Analisis untuk disbiosis pada bayi, dengan decoding yang benar, membantu menilai keadaan flora usus dan, jika perlu, mengambil tindakan untuk memperbaiki komposisinya.

Foto: foto sains / Shutterstock.com

Pengobatan disbiosis pada bayi

Regimen pengobatan untuk disbiosis pada bayi mungkin berbeda. Dia dijemput oleh dokter anak yang merawat. Koreksi mikroflora usus memecahkan beberapa masalah sekaligus:

  • menghancurkan bakteri patogen dan mengurangi jumlah patogen oportunistik;
  • mengisi saluran gastrointestinal dengan mikroorganisme yang bermanfaat;
  • meningkatkan fungsi motorik usus;
  • menyediakan pencernaan makanan yang lengkap;
  • mempromosikan nutrisi yang tepat.

Paling sering, Anda dapat mengatasi masalah disbiosis pada bayi dengan bantuan dua kelompok obat:

  • Sorben. Obat semacam itu membantu mengikat dan mengeluarkan dari tubuh berbagai racun, alergen, dll..
  • Probiotik. Obat-obatan ini menjajah usus dengan bakteri menguntungkan, dan juga memastikan reproduksi penuh mereka.
Gambar: Lightspring / Shutterstock.com

Pengobatan gangguan mikroflora dapat dilengkapi dengan penggunaan obat lain. Dokter mungkin meresepkan asupan bakteriofag yang dapat menekan pertumbuhan mikroorganisme oportunistik, antibiotik, dan enzim pencernaan. Tetapi obat-obatan semacam itu hanya digunakan jika terjadi masalah kesehatan yang parah..

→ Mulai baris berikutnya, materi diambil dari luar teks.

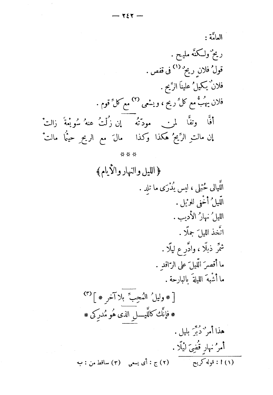 الليالي حبلى، ليس يدرى ما تلد. الليل أخفى للويل. الليل نهار الأديب. اتخذ الليل جملاً. شمر ذبلاً، وادرع ليلاً. ما أقصر الليل على الراقد. ما أشبه الليلة بالبارحة.

Jika seorang anak menderita disbiosis, dia perlu makan dengan benar dan seimbang. Buatan sama sekali tidak untuk diberi makan berlebihan. Saat memperkenalkan makanan pendamping, Anda perlu sangat berhati-hati dan mengoordinasikan nutrisi anak dengan dokter. Kenalan awal bayi dengan makanan orang dewasa merupakan kontraindikasi.